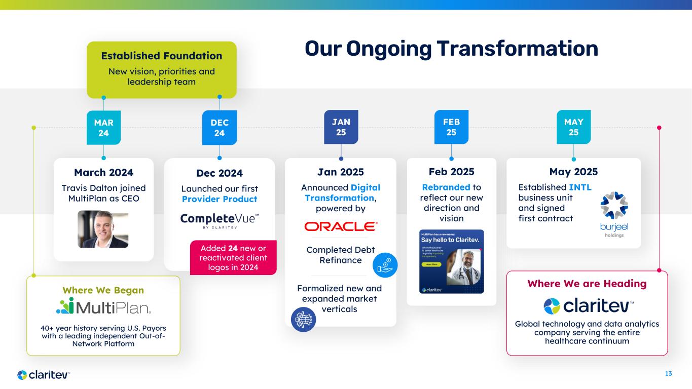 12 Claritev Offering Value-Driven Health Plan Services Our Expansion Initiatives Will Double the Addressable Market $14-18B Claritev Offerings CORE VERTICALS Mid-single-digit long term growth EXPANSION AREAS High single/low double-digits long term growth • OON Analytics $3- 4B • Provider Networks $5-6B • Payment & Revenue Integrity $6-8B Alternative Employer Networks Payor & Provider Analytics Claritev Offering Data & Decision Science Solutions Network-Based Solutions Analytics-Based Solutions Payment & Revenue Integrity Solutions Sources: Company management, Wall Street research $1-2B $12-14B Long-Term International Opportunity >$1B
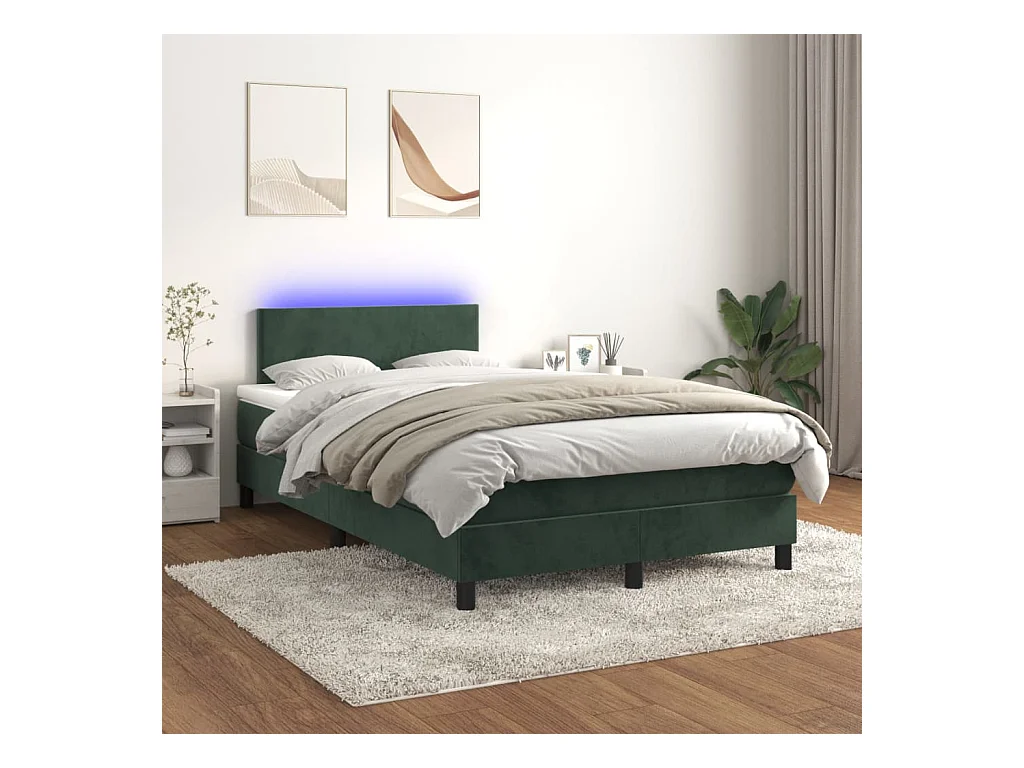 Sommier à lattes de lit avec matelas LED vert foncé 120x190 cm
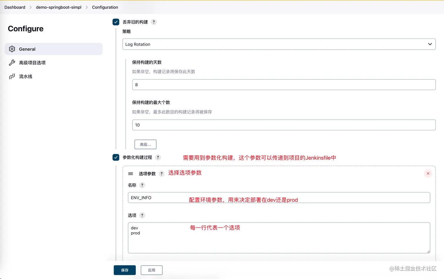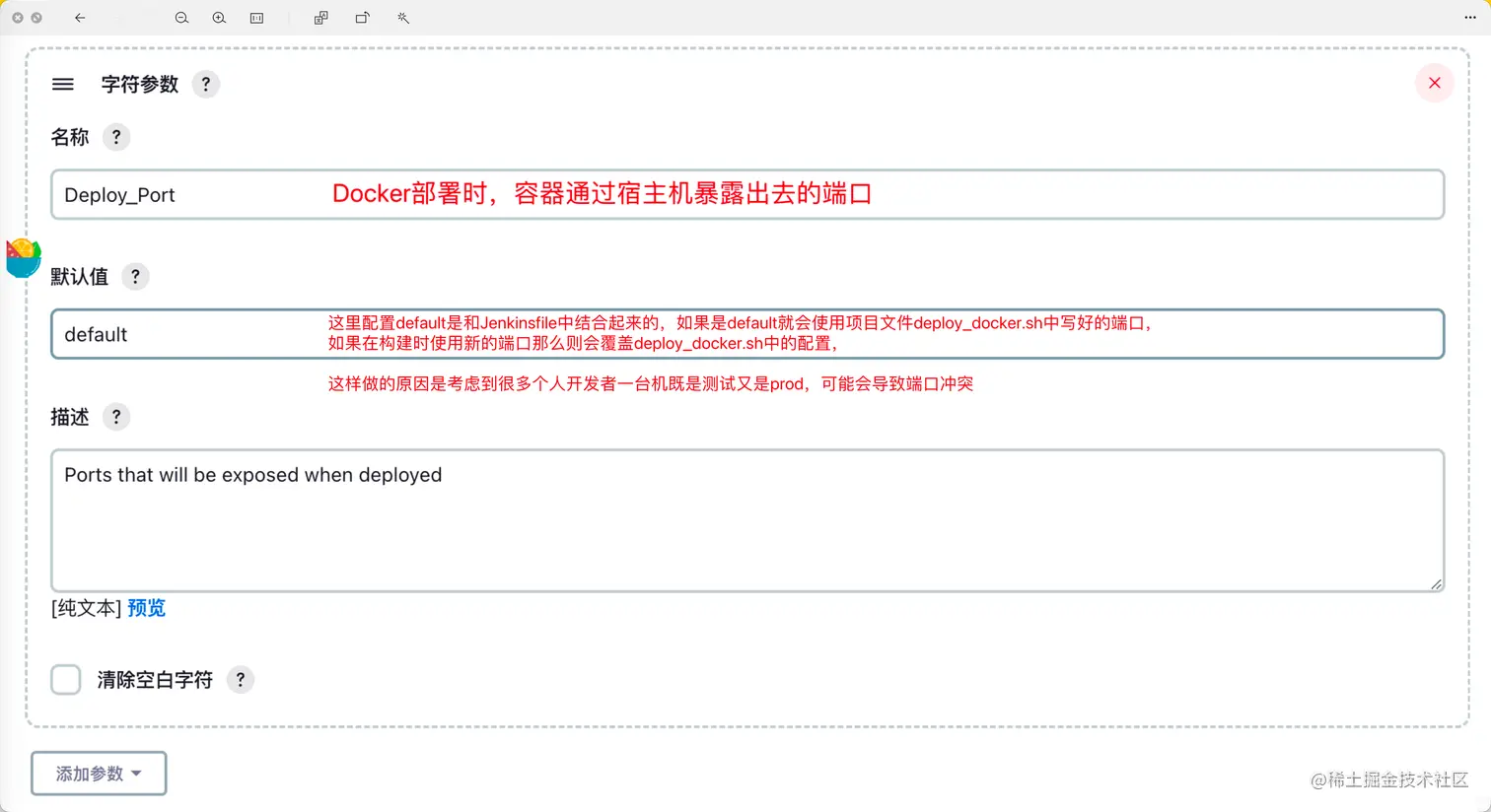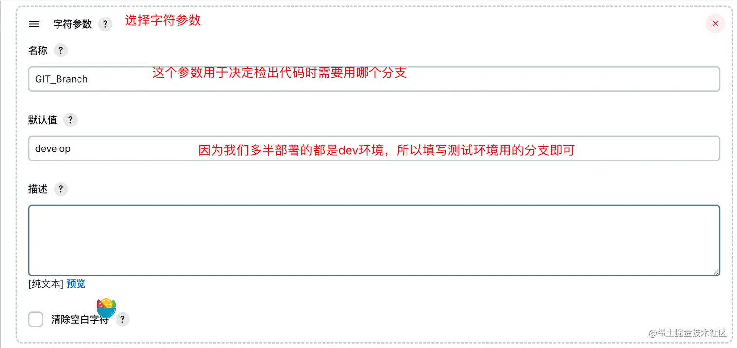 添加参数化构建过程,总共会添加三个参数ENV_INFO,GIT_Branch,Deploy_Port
• • • • •
Exercise goal:
If a picture appears in the data, omit it; transcribe all the rest exactly.

Answer area:
 12 Claritev Offering Value-Driven Health Plan Services Our Expansion Initiatives Will Double the Addressable Market $14-18B Claritev Offerings CORE VERTICALS Mid-single-digit long term growth EXPANSION AREAS High single/low double-digits long term growth • OON Analytics $3- 4B • Provider Networks $5-6B • Payment & Revenue Integrity $6-8B Alternative Employer Networks Payor & Provider Analytics Claritev Offering Data & Decision Science Solutions Network-Based Solutions Analytics-Based Solutions Payment & Revenue Integrity Solutions Sources: Company management, Wall Street research $1-2B $12-14B Long-Term International Opportunity >$1B
 Sommier à lattes de lit avec matelas LED vert foncé 120x190 cm
 添加参数化构建过程,总共会添加三个参数ENV_INFO,GIT_Branch,Deploy_Port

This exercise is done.